New research of the Boekman Foundation and CWTS shows potential and bottlenecks of cooperation between creative practice and science
The imagination of artists, designers and makers can make an essential contribution to social issues. New research shows that cooperation between the creative sector and research institutions is still structurally deficient, due to a system that prevents equal cooperation.
The study In search of equality and recognition combines five focus groups with more than 30 experts and a survey of 550 respondents. It was conducted by the Boekman Foundation and the Centre for Science and Technology Studies (CWTS) at Leiden University, commissioned by the Stimuleringsfonds Creatieve Industrie, Fonds voor Cultuurparticipatie and Regieorgaan SIA.
What the research shows
Creative practice has something essential to offer research: artists and designers bring a way of thinking that dares to go beyond the familiar. Yet within research collaborations, they are still too often used as performers with a predetermined goal, rather than as equal partners who help formulate the questions.
When creative knowledge is not recognised as a fully-fledged form of knowledge, its potential remains unexploited. Artistic research and creative practice are autonomous forms of knowledge production, with their own methods and their own criteria. They are not an instrumental tool for existing science but have their own form of knowledge development.
Three persistent bottlenecks
The study identifies three recurring barriers to equal collaboration:
Funding and policy do not match. Cultural parties are regularly accommodated in research applications in the materials budget rather than recognised as substantive partners. Smaller organisations and individual creators structurally fall by the wayside because subsidies are often only possible for multiannual subsidised cultural institutions.

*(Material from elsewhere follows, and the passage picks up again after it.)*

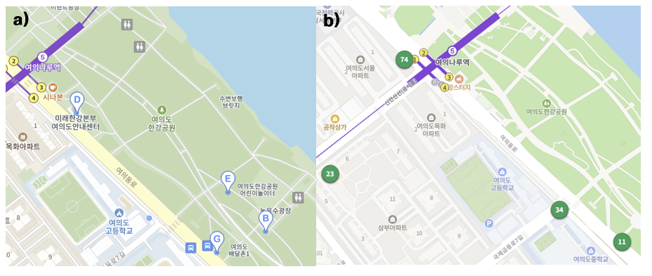 [자료 8. 여의도 한강공원의 자전거 대여소(a)와 따릉이 대여소(b)]

Knowledge is fragmented. Many projects are temporary and small-scale, but have great impact. There is hardly any infrastructure to secure and share what is learned. A knowledge centre specifically for interdisciplinary collaboration is seen as a possible solution.
Impact cannot always be measured. Grant systems steer towards predefined outputs. But many valuable results of creative research cannot be captured in figures, such as sustainable networks, mutual understanding or public knowledge sharing. This calls for a different perspective on accountability.
Examples that work
The survey also describes what is going well. Doctor in Health built a national agenda and showed that structural cooperation is possible if you deliberately invest in networks and knowledge sharing. The department Art & Mind of ROC Amsterdam connects art and culture education with mental well-being of MBO students. Bureau Ruimtekoers developed a methodology for social art that takes assurance of impact as its starting point. Each of these examples shows: it can be done, but requires time, trust and structural resources.
What is needed now
The results of research are clear: society is not yet sufficiently exploiting the potential of creative research. To change that, three things are needed: fairer funding and policy frameworks, structural infrastructure for knowledge sharing, and equality in resources, control and recognition.
Who are the appropriate funders? Which coalitions are needed? And which collaborations deserve structural support? Those questions are now on the table.